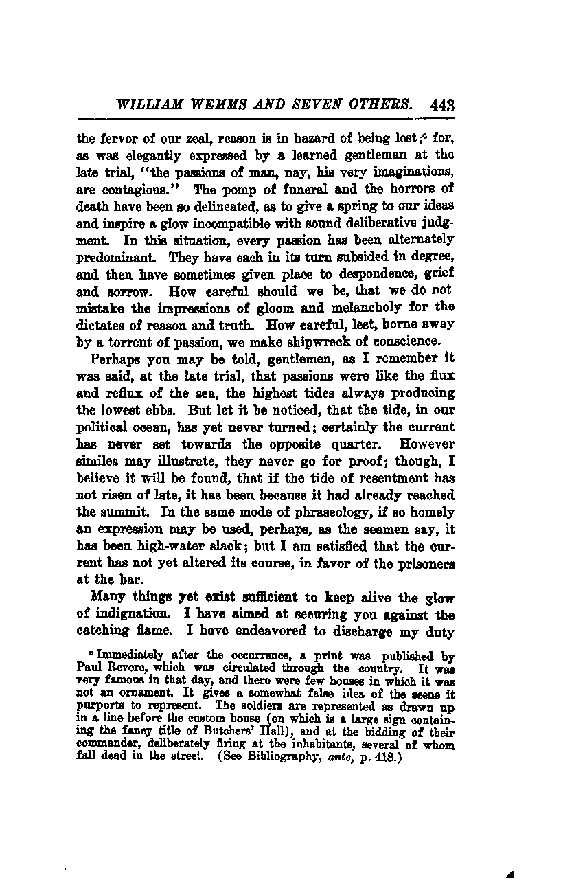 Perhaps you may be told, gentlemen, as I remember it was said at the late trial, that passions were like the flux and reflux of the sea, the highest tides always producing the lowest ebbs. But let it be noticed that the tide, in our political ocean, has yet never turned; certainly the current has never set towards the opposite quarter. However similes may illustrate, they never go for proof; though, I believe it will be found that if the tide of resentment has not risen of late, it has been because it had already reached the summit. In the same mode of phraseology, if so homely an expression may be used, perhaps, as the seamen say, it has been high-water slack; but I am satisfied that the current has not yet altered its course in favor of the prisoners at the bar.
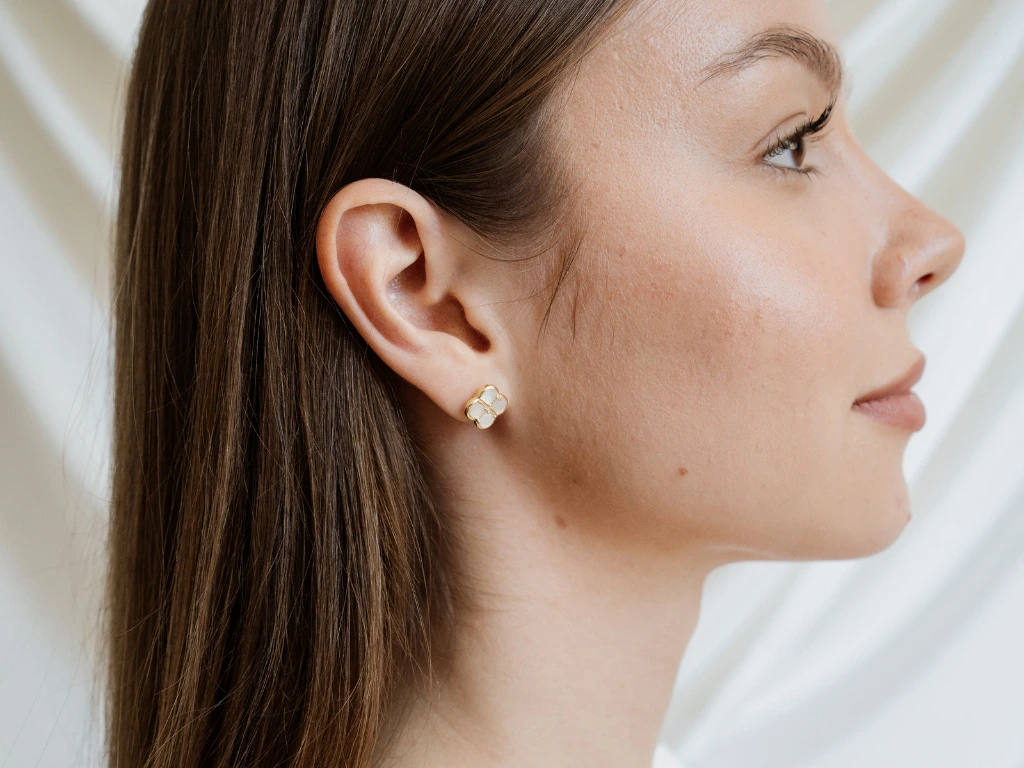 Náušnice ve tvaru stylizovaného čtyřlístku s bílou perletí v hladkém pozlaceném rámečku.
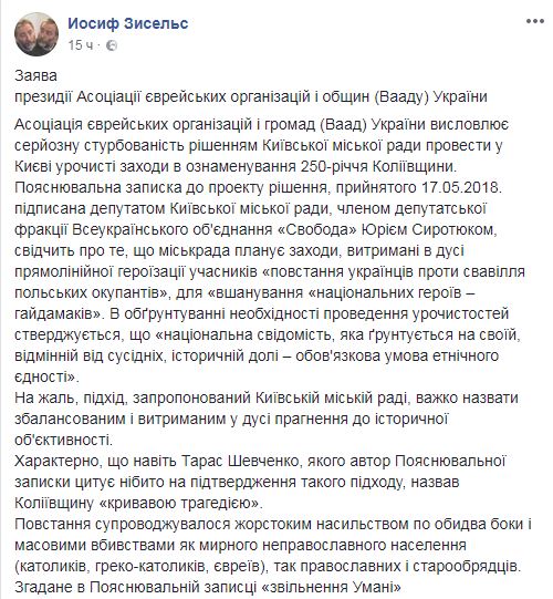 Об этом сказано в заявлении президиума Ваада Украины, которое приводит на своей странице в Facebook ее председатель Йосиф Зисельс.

* * *

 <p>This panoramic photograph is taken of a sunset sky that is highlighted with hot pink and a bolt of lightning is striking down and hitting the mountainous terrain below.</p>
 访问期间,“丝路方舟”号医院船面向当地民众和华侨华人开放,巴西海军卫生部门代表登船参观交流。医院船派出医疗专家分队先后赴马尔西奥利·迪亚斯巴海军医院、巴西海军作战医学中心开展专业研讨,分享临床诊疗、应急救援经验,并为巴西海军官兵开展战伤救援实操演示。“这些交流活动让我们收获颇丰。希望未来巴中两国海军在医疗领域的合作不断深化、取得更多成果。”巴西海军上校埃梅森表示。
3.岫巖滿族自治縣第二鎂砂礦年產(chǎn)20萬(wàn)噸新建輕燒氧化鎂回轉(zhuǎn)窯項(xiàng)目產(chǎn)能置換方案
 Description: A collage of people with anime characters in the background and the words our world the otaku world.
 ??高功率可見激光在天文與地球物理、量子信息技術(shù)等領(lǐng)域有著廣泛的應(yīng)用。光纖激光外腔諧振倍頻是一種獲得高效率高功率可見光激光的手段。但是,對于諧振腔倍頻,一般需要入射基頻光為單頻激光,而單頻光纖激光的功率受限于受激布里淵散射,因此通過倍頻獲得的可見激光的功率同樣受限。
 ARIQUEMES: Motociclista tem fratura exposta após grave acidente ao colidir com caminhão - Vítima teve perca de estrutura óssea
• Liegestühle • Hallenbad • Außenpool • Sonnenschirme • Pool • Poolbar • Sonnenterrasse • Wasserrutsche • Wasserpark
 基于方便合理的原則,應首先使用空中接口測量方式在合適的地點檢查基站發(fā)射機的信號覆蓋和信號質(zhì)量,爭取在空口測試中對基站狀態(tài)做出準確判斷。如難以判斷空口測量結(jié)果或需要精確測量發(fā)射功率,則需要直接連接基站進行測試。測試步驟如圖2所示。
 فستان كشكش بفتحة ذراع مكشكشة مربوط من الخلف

**Task directions**
As listed above, the lines from the line with "<p>This panoramic photograph" to the line with "فستان كشكش بفتحة ذراع مكشكشة مربوط من الخلف" are to be echoed exactly, with both ends included and nothing added.

**Answer box**
 <p>This panoramic photograph is taken of a sunset sky that is highlighted with hot pink and a bolt of lightning is striking down and hitting the mountainous terrain below.</p>
 访问期间,“丝路方舟”号医院船面向当地民众和华侨华人开放,巴西海军卫生部门代表登船参观交流。医院船派出医疗专家分队先后赴马尔西奥利·迪亚斯巴海军医院、巴西海军作战医学中心开展专业研讨,分享临床诊疗、应急救援经验,并为巴西海军官兵开展战伤救援实操演示。“这些交流活动让我们收获颇丰。希望未来巴中两国海军在医疗领域的合作不断深化、取得更多成果。”巴西海军上校埃梅森表示。
3.岫巖滿族自治縣第二鎂砂礦年產(chǎn)20萬(wàn)噸新建輕燒氧化鎂回轉(zhuǎn)窯項(xiàng)目產(chǎn)能置換方案
 Description: A collage of people with anime characters in the background and the words our world the otaku world.
 ??高功率可見激光在天文與地球物理、量子信息技術(shù)等領(lǐng)域有著廣泛的應(yīng)用。光纖激光外腔諧振倍頻是一種獲得高效率高功率可見光激光的手段。但是,對于諧振腔倍頻,一般需要入射基頻光為單頻激光,而單頻光纖激光的功率受限于受激布里淵散射,因此通過倍頻獲得的可見激光的功率同樣受限。
 ARIQUEMES: Motociclista tem fratura exposta após grave acidente ao colidir com caminhão - Vítima teve perca de estrutura óssea
• Liegestühle • Hallenbad • Außenpool • Sonnenschirme • Pool • Poolbar • Sonnenterrasse • Wasserrutsche • Wasserpark
 基于方便合理的原則,應首先使用空中接口測量方式在合適的地點檢查基站發(fā)射機的信號覆蓋和信號質(zhì)量,爭取在空口測試中對基站狀態(tài)做出準確判斷。如難以判斷空口測量結(jié)果或需要精確測量發(fā)射功率,則需要直接連接基站進行測試。測試步驟如圖2所示。
 فستان كشكش بفتحة ذراع مكشكشة مربوط من الخلف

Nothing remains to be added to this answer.